Because the SS was statistically significant in both univariable and multivariable analyses, we checked to see if it was likely to prove useful in a clinical setting where test results are often dichotomized. We used two reasonable cutoffs: 1) the 86th percentile of all scores, which is the rate of pathological complete response for the patients in GSE16446; and 2) the mean of all combined scores. We summarized the point estimates for true-positive rate, false-positive rate and (positive predictive value, negative predictive value in Supplementary Table 4 (available online); we plotted their 95% confidence intervals in Figure 1. At the specified cutoffs, the prediction models using the SS alone did not perform better than chance. In addition, using the 86th percentile as the cutoff, 16 patients (of 109 for whom clinical covariables were available) were reclassified, but the net reclassification improvement was not greater than zero (Table 2) (net reclassification improvement = 0.17, 95% CI = −0.13 to 0.47).
Table 2.
Grade + size + age | Grade + size + age + sensitivity score (NRI = 0.17; 95% CI = −0.13 to 0.47) | Total | |
---|---|---|---|
Not pCR | pCR | ||
Not pCR | 88 (10 pCR) | 11 (4 pCR) | 99 (14 pCR) |
pCR | 5 (1 pCR) | 5 (0 pCR) | 10 (1 pCR) |
Total | 93 (11 pCR) | 16 (4 pCR) | 109 (15 pCR) |
* Cutoff point = 86th percentile (1 − pathologically complete response rate of GSE16446 study). CI = confidence interval; NRI = net reclassification improvement; pCR = pathologically complete response.
The CS did not show statistically significant differences between pathological complete response and non–pathological complete response patients. The P value of the one-sided Wilcoxon test was .55, and the ROC curve is plotted in Figure 1A. The corresponding AUC is 0.51 (95% CI = 0.36 to 0.66).
Evaluation Results for GSE17920 (Hodgkin Lymphoma)
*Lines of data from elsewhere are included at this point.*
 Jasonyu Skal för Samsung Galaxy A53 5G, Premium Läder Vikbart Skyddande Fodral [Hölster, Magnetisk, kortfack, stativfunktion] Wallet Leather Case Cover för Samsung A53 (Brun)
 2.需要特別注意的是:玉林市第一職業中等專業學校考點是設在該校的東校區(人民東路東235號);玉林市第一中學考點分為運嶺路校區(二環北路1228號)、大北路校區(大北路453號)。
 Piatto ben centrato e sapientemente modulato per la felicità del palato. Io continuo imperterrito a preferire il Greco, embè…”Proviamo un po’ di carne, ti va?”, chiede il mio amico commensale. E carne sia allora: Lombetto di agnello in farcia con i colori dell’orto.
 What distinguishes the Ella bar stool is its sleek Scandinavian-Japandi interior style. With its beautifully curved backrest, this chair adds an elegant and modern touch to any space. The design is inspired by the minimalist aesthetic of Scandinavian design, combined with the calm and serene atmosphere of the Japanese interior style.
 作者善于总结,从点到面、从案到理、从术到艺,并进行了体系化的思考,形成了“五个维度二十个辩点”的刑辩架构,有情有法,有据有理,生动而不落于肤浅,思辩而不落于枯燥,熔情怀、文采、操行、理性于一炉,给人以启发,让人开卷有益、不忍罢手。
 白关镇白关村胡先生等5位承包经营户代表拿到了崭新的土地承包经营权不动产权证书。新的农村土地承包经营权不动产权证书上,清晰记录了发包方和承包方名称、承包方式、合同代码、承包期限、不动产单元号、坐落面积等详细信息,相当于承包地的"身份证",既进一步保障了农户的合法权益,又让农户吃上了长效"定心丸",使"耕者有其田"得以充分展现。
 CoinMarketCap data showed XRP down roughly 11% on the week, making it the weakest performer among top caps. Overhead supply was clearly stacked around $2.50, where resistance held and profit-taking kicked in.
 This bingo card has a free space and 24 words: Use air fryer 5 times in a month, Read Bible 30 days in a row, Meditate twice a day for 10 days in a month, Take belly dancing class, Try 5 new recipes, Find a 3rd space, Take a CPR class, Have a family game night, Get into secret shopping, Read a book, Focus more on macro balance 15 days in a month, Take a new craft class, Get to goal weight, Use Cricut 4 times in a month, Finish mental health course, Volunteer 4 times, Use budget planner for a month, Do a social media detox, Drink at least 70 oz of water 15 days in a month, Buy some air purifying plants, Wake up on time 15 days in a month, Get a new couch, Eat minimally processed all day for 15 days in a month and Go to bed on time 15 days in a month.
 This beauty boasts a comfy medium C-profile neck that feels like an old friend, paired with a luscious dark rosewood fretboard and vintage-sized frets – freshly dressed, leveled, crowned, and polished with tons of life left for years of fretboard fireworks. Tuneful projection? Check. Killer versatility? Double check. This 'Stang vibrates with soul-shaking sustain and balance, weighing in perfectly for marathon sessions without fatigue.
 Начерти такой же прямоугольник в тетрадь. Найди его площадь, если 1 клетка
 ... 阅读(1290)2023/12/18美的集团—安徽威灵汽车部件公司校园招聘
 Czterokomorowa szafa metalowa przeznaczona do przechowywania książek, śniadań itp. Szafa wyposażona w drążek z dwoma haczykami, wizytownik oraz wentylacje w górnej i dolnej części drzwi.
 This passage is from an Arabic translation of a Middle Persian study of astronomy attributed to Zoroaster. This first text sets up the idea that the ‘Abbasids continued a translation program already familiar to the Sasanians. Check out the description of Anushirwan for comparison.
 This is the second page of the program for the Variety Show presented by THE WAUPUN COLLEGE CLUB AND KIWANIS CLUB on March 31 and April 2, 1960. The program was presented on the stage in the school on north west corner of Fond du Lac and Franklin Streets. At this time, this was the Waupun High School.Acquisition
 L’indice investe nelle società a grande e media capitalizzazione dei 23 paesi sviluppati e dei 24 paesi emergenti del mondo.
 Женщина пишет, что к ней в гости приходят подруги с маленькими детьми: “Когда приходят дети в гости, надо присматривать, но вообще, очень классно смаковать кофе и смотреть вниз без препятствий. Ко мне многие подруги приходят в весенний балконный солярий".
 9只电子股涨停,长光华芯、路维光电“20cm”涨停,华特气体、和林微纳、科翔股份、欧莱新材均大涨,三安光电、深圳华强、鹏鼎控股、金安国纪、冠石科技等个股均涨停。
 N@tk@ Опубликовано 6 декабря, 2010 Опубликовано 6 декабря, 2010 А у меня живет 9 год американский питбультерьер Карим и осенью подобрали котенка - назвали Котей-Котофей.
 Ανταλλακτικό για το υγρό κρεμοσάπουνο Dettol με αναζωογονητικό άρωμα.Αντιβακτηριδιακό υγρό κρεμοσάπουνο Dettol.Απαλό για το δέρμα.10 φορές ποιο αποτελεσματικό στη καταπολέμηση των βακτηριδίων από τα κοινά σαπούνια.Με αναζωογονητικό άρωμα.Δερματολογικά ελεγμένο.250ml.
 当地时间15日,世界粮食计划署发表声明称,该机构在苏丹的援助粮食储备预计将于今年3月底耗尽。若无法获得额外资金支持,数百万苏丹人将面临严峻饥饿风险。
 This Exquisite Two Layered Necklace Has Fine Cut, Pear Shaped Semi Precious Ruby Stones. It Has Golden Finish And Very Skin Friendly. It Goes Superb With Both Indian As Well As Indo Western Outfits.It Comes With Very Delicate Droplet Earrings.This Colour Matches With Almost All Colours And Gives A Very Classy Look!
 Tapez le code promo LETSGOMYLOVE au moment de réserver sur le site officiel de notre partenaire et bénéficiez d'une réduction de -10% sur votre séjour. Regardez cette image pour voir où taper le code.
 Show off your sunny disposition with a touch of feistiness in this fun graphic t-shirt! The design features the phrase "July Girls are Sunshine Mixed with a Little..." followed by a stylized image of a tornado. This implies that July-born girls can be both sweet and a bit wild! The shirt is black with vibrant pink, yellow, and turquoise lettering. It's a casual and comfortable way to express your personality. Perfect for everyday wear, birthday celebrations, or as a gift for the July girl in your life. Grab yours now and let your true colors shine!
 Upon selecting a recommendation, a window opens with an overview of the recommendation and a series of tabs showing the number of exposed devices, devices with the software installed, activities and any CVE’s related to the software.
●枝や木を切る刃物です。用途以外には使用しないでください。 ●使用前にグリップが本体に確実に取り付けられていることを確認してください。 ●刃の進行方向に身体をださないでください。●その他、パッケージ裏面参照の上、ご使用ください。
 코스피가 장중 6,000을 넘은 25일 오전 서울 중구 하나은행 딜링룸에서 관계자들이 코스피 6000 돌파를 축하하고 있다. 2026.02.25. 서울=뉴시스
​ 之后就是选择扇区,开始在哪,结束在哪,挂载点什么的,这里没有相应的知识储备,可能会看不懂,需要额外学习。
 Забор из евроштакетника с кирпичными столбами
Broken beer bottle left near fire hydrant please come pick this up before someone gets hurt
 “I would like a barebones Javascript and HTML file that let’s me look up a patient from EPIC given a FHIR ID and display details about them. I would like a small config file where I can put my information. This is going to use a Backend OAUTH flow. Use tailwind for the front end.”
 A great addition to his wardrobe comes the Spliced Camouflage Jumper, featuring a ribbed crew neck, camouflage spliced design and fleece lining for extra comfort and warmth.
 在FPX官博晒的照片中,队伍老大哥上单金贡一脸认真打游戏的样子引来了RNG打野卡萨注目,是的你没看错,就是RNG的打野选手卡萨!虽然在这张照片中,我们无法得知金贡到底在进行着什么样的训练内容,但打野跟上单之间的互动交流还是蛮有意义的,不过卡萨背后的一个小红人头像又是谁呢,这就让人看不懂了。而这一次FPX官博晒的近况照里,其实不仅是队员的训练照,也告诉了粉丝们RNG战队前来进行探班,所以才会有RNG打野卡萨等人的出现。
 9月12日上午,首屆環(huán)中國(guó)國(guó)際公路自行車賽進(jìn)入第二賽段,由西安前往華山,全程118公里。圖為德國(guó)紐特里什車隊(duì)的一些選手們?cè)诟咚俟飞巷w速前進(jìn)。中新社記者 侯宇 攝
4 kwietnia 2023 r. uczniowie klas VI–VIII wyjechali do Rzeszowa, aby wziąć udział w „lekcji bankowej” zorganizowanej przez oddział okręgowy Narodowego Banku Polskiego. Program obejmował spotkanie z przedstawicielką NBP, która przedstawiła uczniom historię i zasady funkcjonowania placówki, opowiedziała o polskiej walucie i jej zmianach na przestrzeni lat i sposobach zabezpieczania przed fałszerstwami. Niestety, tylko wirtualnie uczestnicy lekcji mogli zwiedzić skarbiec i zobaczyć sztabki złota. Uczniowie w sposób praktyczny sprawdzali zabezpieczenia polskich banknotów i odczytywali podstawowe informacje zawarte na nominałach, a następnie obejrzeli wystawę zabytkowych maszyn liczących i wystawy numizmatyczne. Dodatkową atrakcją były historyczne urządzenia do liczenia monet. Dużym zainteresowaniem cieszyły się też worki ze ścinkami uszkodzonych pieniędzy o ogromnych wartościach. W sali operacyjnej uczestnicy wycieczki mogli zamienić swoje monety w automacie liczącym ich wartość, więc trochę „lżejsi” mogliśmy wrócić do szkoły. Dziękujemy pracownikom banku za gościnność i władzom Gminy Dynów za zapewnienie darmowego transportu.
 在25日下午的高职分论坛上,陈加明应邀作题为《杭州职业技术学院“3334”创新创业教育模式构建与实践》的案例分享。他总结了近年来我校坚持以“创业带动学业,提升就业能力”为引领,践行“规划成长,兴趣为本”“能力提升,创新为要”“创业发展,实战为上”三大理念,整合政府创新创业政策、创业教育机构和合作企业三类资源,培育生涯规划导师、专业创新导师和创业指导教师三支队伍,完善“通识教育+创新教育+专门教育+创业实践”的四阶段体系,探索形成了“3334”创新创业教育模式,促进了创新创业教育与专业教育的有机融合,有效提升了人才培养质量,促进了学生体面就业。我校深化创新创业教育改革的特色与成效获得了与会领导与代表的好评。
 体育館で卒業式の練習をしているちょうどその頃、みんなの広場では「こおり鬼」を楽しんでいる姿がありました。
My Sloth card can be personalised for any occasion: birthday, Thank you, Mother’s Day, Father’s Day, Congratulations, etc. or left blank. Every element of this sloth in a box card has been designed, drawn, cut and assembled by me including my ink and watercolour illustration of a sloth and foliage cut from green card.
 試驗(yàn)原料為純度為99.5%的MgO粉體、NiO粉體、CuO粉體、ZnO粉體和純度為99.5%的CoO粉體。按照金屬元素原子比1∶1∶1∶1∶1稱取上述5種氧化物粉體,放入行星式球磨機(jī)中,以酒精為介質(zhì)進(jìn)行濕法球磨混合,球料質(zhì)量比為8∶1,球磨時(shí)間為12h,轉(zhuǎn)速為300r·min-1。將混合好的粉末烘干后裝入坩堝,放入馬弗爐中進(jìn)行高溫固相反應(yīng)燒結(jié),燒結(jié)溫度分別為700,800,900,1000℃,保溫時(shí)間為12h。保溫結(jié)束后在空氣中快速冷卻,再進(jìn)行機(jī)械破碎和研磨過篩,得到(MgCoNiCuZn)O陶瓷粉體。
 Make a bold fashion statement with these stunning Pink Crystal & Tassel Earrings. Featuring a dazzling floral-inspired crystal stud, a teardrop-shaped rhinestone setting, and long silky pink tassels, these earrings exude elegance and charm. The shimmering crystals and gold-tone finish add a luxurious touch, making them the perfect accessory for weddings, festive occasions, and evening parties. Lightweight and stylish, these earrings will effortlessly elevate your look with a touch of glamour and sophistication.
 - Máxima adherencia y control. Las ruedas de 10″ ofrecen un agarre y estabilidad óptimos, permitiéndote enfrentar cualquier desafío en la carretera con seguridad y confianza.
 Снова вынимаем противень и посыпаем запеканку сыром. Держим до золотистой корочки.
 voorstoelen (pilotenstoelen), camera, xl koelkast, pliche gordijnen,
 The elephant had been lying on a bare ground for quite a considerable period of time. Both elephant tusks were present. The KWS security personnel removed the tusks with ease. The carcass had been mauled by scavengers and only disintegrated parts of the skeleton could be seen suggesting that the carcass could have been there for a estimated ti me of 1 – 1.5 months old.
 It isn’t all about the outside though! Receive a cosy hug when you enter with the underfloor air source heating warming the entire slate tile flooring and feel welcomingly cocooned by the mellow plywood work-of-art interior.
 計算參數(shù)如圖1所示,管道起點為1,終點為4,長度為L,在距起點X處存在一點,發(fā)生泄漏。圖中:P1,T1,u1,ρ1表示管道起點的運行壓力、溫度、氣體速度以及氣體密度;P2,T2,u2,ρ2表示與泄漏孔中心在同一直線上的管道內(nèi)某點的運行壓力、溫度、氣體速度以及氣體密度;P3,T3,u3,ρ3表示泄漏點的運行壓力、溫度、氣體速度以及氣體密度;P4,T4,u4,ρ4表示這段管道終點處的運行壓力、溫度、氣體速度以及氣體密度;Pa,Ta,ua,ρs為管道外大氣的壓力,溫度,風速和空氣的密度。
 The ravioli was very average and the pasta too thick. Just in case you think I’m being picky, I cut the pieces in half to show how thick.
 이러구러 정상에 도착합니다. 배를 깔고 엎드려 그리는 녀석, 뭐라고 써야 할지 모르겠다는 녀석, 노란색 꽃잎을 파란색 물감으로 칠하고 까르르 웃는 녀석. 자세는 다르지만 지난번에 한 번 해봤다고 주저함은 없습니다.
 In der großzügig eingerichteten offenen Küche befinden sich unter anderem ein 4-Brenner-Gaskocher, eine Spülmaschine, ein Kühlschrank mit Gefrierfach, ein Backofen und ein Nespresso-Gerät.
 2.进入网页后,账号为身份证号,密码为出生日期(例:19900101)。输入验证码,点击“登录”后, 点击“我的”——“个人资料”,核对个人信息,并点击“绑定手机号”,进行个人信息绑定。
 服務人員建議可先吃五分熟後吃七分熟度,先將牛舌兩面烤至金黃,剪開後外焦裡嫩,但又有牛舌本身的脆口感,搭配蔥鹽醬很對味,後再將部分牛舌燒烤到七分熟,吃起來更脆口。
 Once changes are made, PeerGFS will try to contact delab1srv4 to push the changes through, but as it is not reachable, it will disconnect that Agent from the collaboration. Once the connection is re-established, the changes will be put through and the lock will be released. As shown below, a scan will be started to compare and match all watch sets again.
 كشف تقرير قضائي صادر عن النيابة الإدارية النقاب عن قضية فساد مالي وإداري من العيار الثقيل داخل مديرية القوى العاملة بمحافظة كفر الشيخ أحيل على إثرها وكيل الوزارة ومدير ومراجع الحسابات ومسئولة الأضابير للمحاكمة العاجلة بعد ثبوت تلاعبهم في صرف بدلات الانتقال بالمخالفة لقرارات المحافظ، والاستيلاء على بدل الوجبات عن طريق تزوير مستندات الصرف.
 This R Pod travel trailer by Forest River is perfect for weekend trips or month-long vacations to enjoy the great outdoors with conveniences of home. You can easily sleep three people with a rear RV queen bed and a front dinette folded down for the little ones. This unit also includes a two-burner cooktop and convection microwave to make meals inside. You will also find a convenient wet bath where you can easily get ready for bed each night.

The second dataset, GSE17920 (9), included 130 patients with Hodgkin lymphoma who received a standard treatment called ABVD, which is a combination of four drugs: doxorubicin (adriamycin,), bleomycin (), vinblastine (), and dacarbazine (). All drugs satisfy the criteria defined by MPI. The primary endpoint was a binary variable indicating treatment success or failure.
The 130 tumor samples came from two sources: 100 from Vancouver and 30 from Nebraska. Treatment outcomes differ by source, with 82 of 100 successes in Vancouver and 10 of 30 in Nebraska (P < .0001) (Supplementary Table 6, available online). To measure the impact of batch effects on prediction, we computed the SS and CS using both the original gene expression values and the gene expression values adjusted for batch effects.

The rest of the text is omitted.